I am trying to parse lambda calculus terms into AST leveraging JavaScript and PEG.JS. The grammar is fairly easy:
/*****************************************************************
t ::=
x variable
λx.t abstraction
t t application
*****************************************************************/
From which I have coded out the PEG:
TERM "term"
= ABSTRACTION
/ APPLICATION
/ VARIABLE
APPLICATION "application"
/*****************************************************************
application ::= t t
*****************************************************************/
= APPLICATION_W_PARENS
/ APPLICATION_WO_PARENS
ABSTRACTION "abstraction"
/*****************************************************************
abstraction ::= λx.t
*****************************************************************/
= ABSTRACTION_W_PARENS
/ ABSTRACTION_WO_PARENS
VARIABLE "variable"
/*****************************************************************
variable ::= x
*****************************************************************/
= x:CHARACTER
{
return Variable(location(), x)
}
//////////////////////////////////////////////////////////////////////
// Application
//////////////////////////////////////////////////////////////////////
ABSTRACTION_OR_VARIABLE
//////////////////////////////////////////////////////////////////
// "Left recursive grammar" workaround "term term" enters a loop
// assuming the left side cannot match Application
// remediates the left recursion issue
//////////////////////////////////////////////////////////////////
= ABSTRACTION / VARIABLE
APPLICATION_W_PARENS
/*****************************************************************
'(' -> Abstraction | Variable -> Term -> ')'
*****************************************************************/
= L_PARENS lhs:ABSTRACTION_OR_VARIABLE rhs:TERM R_PARENS
{
return Application(location(), lhs, rhs, true)
}
APPLICATION_WO_PARENS
/*****************************************************************
Abstraction | Variable -> Term
*****************************************************************/
= lhs:ABSTRACTION_OR_VARIABLE rhs:TERM
{
return Application(location(), lhs, rhs, false)
}
//////////////////////////////////////////////////////////////////////
// Abstraction
//////////////////////////////////////////////////////////////////////
ABSTRACTION_W_PARENS "abstraction"
/*****************************************************************
'(' -> 'λ' -> Variable -> '.' -> TERM -> ')'
*****************************************************************/
= L_PARENS LAMBDA x:CHARACTER DOT term:TERM R_PARENS
{
return Abstraction(location(), x, term, true)
}
ABSTRACTION_WO_PARENS
/*****************************************************************
'λ' -> Variable -> '.' -> Term
*****************************************************************/
= LAMBDA x:CHARACTER DOT term:TERM
{
return Abstraction(location(), x, term, false)
}
//////////////////////////////////////////////////////////////////////
// Atoms
//////////////////////////////////////////////////////////////////////
LAMBDA "lambda"
= 'λ'
L_PARENS "lParens"
= '('
R_PARENS "rParens"
= ')'
DOT "dot"
= [\.]
CHARACTER "character"
= [A-Za-z]
{
return text().trim() ;
}
This compiles and runs fine on simple input. As I start to push through the examples to test the implementation I see some issues. Given the term
λl.λm.λn.lmn
It parses into
{
"expr": "λl.λm.λn.lmn",
"ast": " Abstraction( l, Abstraction( m, Abstraction( n, Application( Variable( l ), Application( Variable( m ), Variable( n ) ) ) ) ) )"
}
The problem is in Left Application m should be applied to l and then n to that result. As you can see by the printout of the AST that n is applied to m and that result is applied to l which is not correct.

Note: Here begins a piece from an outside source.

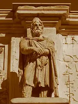 Dacian religion was considered by the classic sources as a key source of authority, suggesting to some that Dacia was a predominantly theocratic state led by priest-kings. However, the layout of the Dacian capital Sarmizegethusa indicates the possibility of co-rulership, with a separate high king and high priest.[36] Ancient sources recorded the names of several Dacian high priests (Deceneus, Comosicus and Vezina) and various orders of priests: "god-worshipers", "smoke-walkers" and "founders".[36] Both Hellenistic and Oriental influences are discernible in the religious background, alongside chthonic and solar motifs.[36] According to Herodotus' account of the story of Zalmoxis or Zamolxis,[114] the Getae (speaking the same language as the Dacians and the Thracians, according to Strabo) believed in the immortality of the soul, and regarded death as merely a change of country. Their chief priest held a prominent position as the representative of the supreme deity, Zalmoxis, who is called also Gebeleizis by some among them.[114][158] Strabo wrote about the high priest of King Burebista Deceneus: "a man who not only had wandered through Egypt, but also had thoroughly learned certain prognostics through which he would pretend to tell the divine will; and within a short time he was set up as god (as I said when relating the story of Zamolxis)".[159]
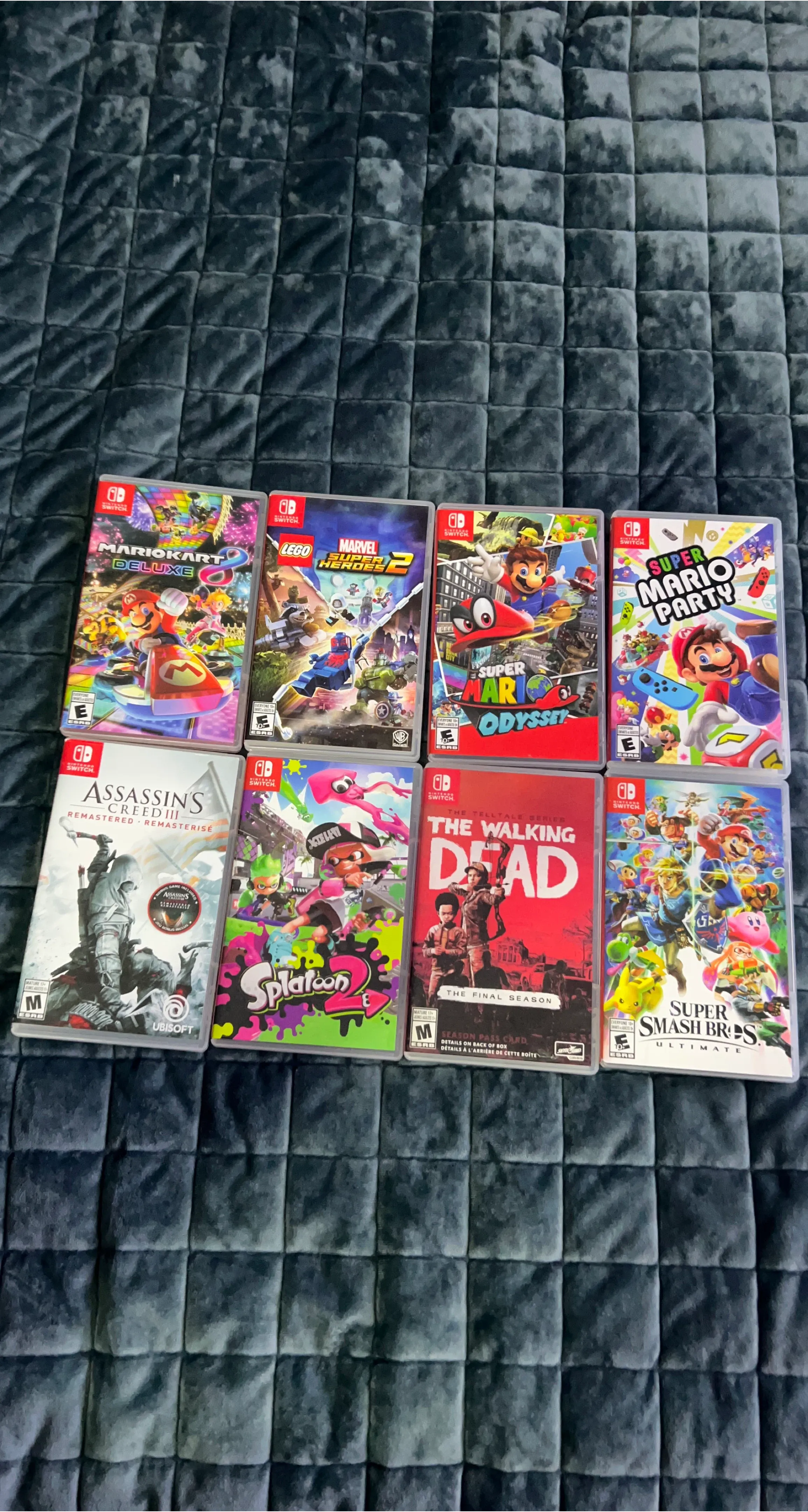 Bundle includes Mario Kart 8 Deluxe, Super Mario Odyssey, Super Mario Party, LEGO Marvel Super Heroes 2, Splatoon 2, Super Smash Bros. Ultimate, Assassin's Creed III Remastered, and The Walking Dead: The Final Season. All games are for the Nintendo Switch console.

IF I change the rule that is in place to prevent left recursion issues where the application assumes that the left side is only a variable or an abstraction to include the possibility of application - then there is the recursion issue.
I introduced the concept of parens - but I stopped integrating them in. I really don't want them in the grammar.
- Can we fix this in the PEG.JS?
- OR Should I rewrite the construction of the Application Object (hack)?
- OR Is there a better way to parse this - e.g. roll a custom parser?